* DIRECTIONS: Write out every record in full, keeping each character exactly as it is.

=== Begin Enclosure ===

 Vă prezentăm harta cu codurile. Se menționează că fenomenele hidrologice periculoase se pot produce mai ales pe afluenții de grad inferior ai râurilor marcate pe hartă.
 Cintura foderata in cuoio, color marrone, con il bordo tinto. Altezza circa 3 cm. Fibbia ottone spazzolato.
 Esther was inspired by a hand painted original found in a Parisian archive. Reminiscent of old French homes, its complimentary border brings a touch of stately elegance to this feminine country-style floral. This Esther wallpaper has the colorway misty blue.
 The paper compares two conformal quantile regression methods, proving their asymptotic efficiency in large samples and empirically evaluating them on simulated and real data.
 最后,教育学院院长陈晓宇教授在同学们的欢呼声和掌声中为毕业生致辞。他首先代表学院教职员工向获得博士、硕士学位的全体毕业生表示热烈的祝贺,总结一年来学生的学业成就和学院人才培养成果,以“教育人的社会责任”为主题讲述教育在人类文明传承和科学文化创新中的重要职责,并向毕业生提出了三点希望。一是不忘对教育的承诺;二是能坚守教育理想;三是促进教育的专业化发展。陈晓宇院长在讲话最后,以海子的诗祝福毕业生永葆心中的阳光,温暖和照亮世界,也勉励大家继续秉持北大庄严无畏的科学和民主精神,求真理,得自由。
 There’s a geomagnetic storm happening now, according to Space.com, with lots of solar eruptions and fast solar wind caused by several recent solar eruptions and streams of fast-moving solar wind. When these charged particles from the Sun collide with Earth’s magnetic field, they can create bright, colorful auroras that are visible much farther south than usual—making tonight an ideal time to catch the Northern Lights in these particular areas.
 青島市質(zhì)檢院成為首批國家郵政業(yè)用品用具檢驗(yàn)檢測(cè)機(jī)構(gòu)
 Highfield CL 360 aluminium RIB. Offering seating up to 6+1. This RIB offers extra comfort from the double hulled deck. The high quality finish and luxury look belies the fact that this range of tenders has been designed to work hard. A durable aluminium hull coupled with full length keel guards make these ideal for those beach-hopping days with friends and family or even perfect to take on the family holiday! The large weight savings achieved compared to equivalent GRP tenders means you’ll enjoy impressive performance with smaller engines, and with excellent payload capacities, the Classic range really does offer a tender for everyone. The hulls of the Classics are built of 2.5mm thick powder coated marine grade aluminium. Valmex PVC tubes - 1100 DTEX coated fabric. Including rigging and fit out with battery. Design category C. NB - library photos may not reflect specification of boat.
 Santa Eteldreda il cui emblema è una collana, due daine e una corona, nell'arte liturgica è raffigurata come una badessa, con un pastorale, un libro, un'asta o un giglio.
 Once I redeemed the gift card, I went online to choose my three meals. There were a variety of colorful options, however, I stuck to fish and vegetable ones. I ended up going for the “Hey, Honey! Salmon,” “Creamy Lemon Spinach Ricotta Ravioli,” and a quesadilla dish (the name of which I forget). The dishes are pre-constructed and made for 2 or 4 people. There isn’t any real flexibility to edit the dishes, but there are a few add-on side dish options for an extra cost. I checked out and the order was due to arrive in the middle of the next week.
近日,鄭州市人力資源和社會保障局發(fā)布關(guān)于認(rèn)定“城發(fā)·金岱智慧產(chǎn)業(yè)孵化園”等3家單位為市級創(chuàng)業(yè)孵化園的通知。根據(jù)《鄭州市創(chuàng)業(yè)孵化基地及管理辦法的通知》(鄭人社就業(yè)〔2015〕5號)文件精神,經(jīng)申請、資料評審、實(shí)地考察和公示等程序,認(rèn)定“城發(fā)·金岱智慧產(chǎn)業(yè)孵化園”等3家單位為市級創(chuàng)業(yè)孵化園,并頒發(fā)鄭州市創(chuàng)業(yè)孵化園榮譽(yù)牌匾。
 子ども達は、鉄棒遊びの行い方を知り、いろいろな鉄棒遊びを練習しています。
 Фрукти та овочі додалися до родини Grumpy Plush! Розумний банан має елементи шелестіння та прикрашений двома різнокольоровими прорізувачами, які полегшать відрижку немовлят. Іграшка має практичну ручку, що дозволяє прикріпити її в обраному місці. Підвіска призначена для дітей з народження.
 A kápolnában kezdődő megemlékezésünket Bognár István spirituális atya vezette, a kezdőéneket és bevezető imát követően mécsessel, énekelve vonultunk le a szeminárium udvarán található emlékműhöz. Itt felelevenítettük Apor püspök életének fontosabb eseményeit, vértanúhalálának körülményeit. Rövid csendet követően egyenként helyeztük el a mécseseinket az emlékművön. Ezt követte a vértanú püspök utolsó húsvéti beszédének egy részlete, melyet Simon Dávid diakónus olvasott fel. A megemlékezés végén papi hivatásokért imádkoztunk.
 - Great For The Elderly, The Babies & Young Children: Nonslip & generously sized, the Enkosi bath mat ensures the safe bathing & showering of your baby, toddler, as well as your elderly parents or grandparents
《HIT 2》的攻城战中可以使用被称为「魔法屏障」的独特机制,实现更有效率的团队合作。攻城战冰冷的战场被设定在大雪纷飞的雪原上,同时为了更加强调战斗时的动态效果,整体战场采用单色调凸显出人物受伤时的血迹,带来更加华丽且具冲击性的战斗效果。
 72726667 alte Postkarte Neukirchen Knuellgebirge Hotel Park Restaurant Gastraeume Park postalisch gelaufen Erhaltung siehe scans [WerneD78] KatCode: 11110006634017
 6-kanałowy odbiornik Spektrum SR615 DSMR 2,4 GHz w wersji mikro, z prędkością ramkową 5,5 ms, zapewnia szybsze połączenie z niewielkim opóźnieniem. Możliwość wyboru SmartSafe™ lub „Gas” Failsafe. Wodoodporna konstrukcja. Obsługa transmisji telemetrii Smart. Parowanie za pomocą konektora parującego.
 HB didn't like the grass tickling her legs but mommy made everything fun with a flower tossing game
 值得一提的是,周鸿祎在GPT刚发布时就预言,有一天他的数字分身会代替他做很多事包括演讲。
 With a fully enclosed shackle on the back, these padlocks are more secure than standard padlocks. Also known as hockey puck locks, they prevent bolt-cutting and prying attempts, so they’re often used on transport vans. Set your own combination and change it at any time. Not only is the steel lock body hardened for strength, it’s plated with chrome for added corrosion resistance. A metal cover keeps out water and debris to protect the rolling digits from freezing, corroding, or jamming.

=== End Enclosure ===

* TASK RESULT:
 Vă prezentăm harta cu codurile. Se menționează că fenomenele hidrologice periculoase se pot produce mai ales pe afluenții de grad inferior ai râurilor marcate pe hartă.
 Cintura foderata in cuoio, color marrone, con il bordo tinto. Altezza circa 3 cm. Fibbia ottone spazzolato.
 Esther was inspired by a hand painted original found in a Parisian archive. Reminiscent of old French homes, its complimentary border brings a touch of stately elegance to this feminine country-style floral. This Esther wallpaper has the colorway misty blue.
 The paper compares two conformal quantile regression methods, proving their asymptotic efficiency in large samples and empirically evaluating them on simulated and real data.
 最后,教育学院院长陈晓宇教授在同学们的欢呼声和掌声中为毕业生致辞。他首先代表学院教职员工向获得博士、硕士学位的全体毕业生表示热烈的祝贺,总结一年来学生的学业成就和学院人才培养成果,以“教育人的社会责任”为主题讲述教育在人类文明传承和科学文化创新中的重要职责,并向毕业生提出了三点希望。一是不忘对教育的承诺;二是能坚守教育理想;三是促进教育的专业化发展。陈晓宇院长在讲话最后,以海子的诗祝福毕业生永葆心中的阳光,温暖和照亮世界,也勉励大家继续秉持北大庄严无畏的科学和民主精神,求真理,得自由。
 There’s a geomagnetic storm happening now, according to Space.com, with lots of solar eruptions and fast solar wind caused by several recent solar eruptions and streams of fast-moving solar wind. When these charged particles from the Sun collide with Earth’s magnetic field, they can create bright, colorful auroras that are visible much farther south than usual—making tonight an ideal time to catch the Northern Lights in these particular areas.
 青島市質(zhì)檢院成為首批國家郵政業(yè)用品用具檢驗(yàn)檢測(cè)機(jī)構(gòu)
 Highfield CL 360 aluminium RIB. Offering seating up to 6+1. This RIB offers extra comfort from the double hulled deck. The high quality finish and luxury look belies the fact that this range of tenders has been designed to work hard. A durable aluminium hull coupled with full length keel guards make these ideal for those beach-hopping days with friends and family or even perfect to take on the family holiday! The large weight savings achieved compared to equivalent GRP tenders means you’ll enjoy impressive performance with smaller engines, and with excellent payload capacities, the Classic range really does offer a tender for everyone. The hulls of the Classics are built of 2.5mm thick powder coated marine grade aluminium. Valmex PVC tubes - 1100 DTEX coated fabric. Including rigging and fit out with battery. Design category C. NB - library photos may not reflect specification of boat.
 Santa Eteldreda il cui emblema è una collana, due daine e una corona, nell'arte liturgica è raffigurata come una badessa, con un pastorale, un libro, un'asta o un giglio.
 Once I redeemed the gift card, I went online to choose my three meals. There were a variety of colorful options, however, I stuck to fish and vegetable ones. I ended up going for the “Hey, Honey! Salmon,” “Creamy Lemon Spinach Ricotta Ravioli,” and a quesadilla dish (the name of which I forget). The dishes are pre-constructed and made for 2 or 4 people. There isn’t any real flexibility to edit the dishes, but there are a few add-on side dish options for an extra cost. I checked out and the order was due to arrive in the middle of the next week.
近日,鄭州市人力資源和社會保障局發(fā)布關(guān)于認(rèn)定“城發(fā)·金岱智慧產(chǎn)業(yè)孵化園”等3家單位為市級創(chuàng)業(yè)孵化園的通知。根據(jù)《鄭州市創(chuàng)業(yè)孵化基地及管理辦法的通知》(鄭人社就業(yè)〔2015〕5號)文件精神,經(jīng)申請、資料評審、實(shí)地考察和公示等程序,認(rèn)定“城發(fā)·金岱智慧產(chǎn)業(yè)孵化園”等3家單位為市級創(chuàng)業(yè)孵化園,并頒發(fā)鄭州市創(chuàng)業(yè)孵化園榮譽(yù)牌匾。
 子ども達は、鉄棒遊びの行い方を知り、いろいろな鉄棒遊びを練習しています。
 Фрукти та овочі додалися до родини Grumpy Plush! Розумний банан має елементи шелестіння та прикрашений двома різнокольоровими прорізувачами, які полегшать відрижку немовлят. Іграшка має практичну ручку, що дозволяє прикріпити її в обраному місці. Підвіска призначена для дітей з народження.
 A kápolnában kezdődő megemlékezésünket Bognár István spirituális atya vezette, a kezdőéneket és bevezető imát követően mécsessel, énekelve vonultunk le a szeminárium udvarán található emlékműhöz. Itt felelevenítettük Apor püspök életének fontosabb eseményeit, vértanúhalálának körülményeit. Rövid csendet követően egyenként helyeztük el a mécseseinket az emlékművön. Ezt követte a vértanú püspök utolsó húsvéti beszédének egy részlete, melyet Simon Dávid diakónus olvasott fel. A megemlékezés végén papi hivatásokért imádkoztunk.
 - Great For The Elderly, The Babies & Young Children: Nonslip & generously sized, the Enkosi bath mat ensures the safe bathing & showering of your baby, toddler, as well as your elderly parents or grandparents
《HIT 2》的攻城战中可以使用被称为「魔法屏障」的独特机制,实现更有效率的团队合作。攻城战冰冷的战场被设定在大雪纷飞的雪原上,同时为了更加强调战斗时的动态效果,整体战场采用单色调凸显出人物受伤时的血迹,带来更加华丽且具冲击性的战斗效果。
 72726667 alte Postkarte Neukirchen Knuellgebirge Hotel Park Restaurant Gastraeume Park postalisch gelaufen Erhaltung siehe scans [WerneD78] KatCode: 11110006634017
 6-kanałowy odbiornik Spektrum SR615 DSMR 2,4 GHz w wersji mikro, z prędkością ramkową 5,5 ms, zapewnia szybsze połączenie z niewielkim opóźnieniem. Możliwość wyboru SmartSafe™ lub „Gas” Failsafe. Wodoodporna konstrukcja. Obsługa transmisji telemetrii Smart. Parowanie za pomocą konektora parującego.
 HB didn't like the grass tickling her legs but mommy made everything fun with a flower tossing game
 值得一提的是,周鸿祎在GPT刚发布时就预言,有一天他的数字分身会代替他做很多事包括演讲。
 With a fully enclosed shackle on the back, these padlocks are more secure than standard padlocks. Also known as hockey puck locks, they prevent bolt-cutting and prying attempts, so they’re often used on transport vans. Set your own combination and change it at any time. Not only is the steel lock body hardened for strength, it’s plated with chrome for added corrosion resistance. A metal cover keeps out water and debris to protect the rolling digits from freezing, corroding, or jamming.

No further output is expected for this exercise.